Too hilarious:
Engineers in the past week have huddled over blueprints in an underground complex that also can serve as a safe haven for visiting presidents in the event of an emergency and as a lookout point for government agents monitoring terrorist activity. (Denver Post)
The underground complex is in wing off the Glenwood Canyon Tunnel section of Interstate-70 in Colorado. And the engineers are huddling there because it’s caving in:
A crack in concrete above the main Glenwood Canyon tunnel on Interstate 70 is growing wider and worse than expected and will force multimillion-dollar repairs while the tunnel is closed all summer.
[snip]
The troublesome crack is above the eastbound lanes of the Hanging Lake Tunnel. It is in the ceiling of an empty wing of the five-story traffic-management center, which serves as the brains for a highway equipped with zoom video cameras, seismic sensors, pavement temperature sensors and satellite weather monitors.
But all those gizmos and the banks of computers that made Glenwood Canyon a model “smart highway” for other road-building projects couldn’t outsmart a crack in the highway’s nerve center.

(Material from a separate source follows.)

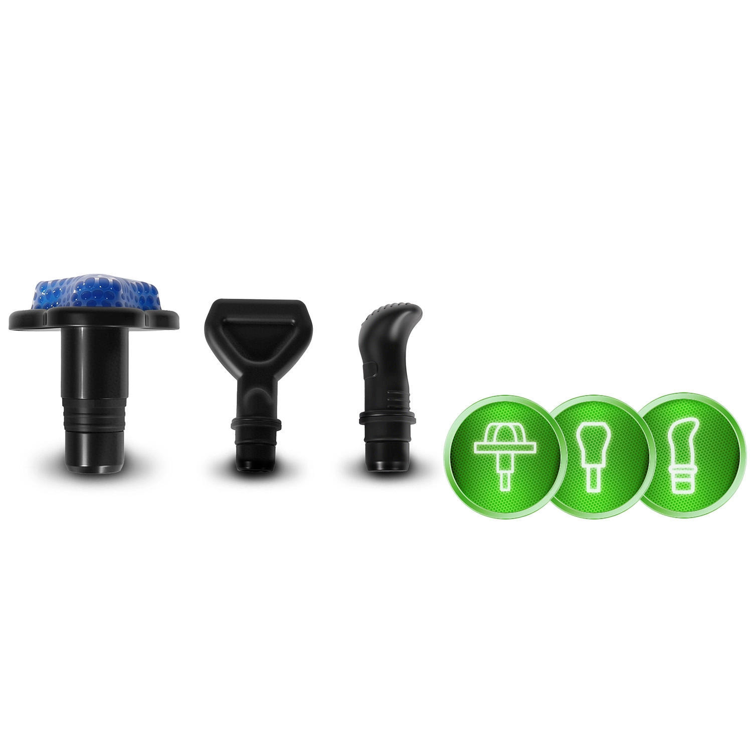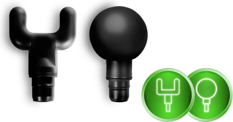 U‑hlava na oblasť okolo chrbtice, guľová na väčšie svalové skupiny, plochá na všestrannú relaxáciu, hrot na intenzívnu bodovú masáž, chladiaca gélová, lopatková na masáž pozdĺž kostných štruktúr, prstová na presný tlak, dvojitá hubičková na prekrvenie a mäkká hubičková na citlivé partie.

The crack first was noticed in July during a routine maintenance inspection and has been monitored and measured every two weeks. In February, it began leaking water and widening.
Colorado Department of Transportation officials began putting funding into place, knowing a repair would be necessary. Several weeks ago, the crack widened more – it is now 70 feet long, 4 1/2 feet deep and 1 1/2 inches wide – and that set off a flurry of action.
[snip]
Engineers also have been getting helicopter views of the damaged area and the cliffs that dropped minivan-sized rocks onto the underground building, causing the crack.
If I promise not to tell anyone, can we make this Vice-President Cheney’s “undisclosed location”? Please?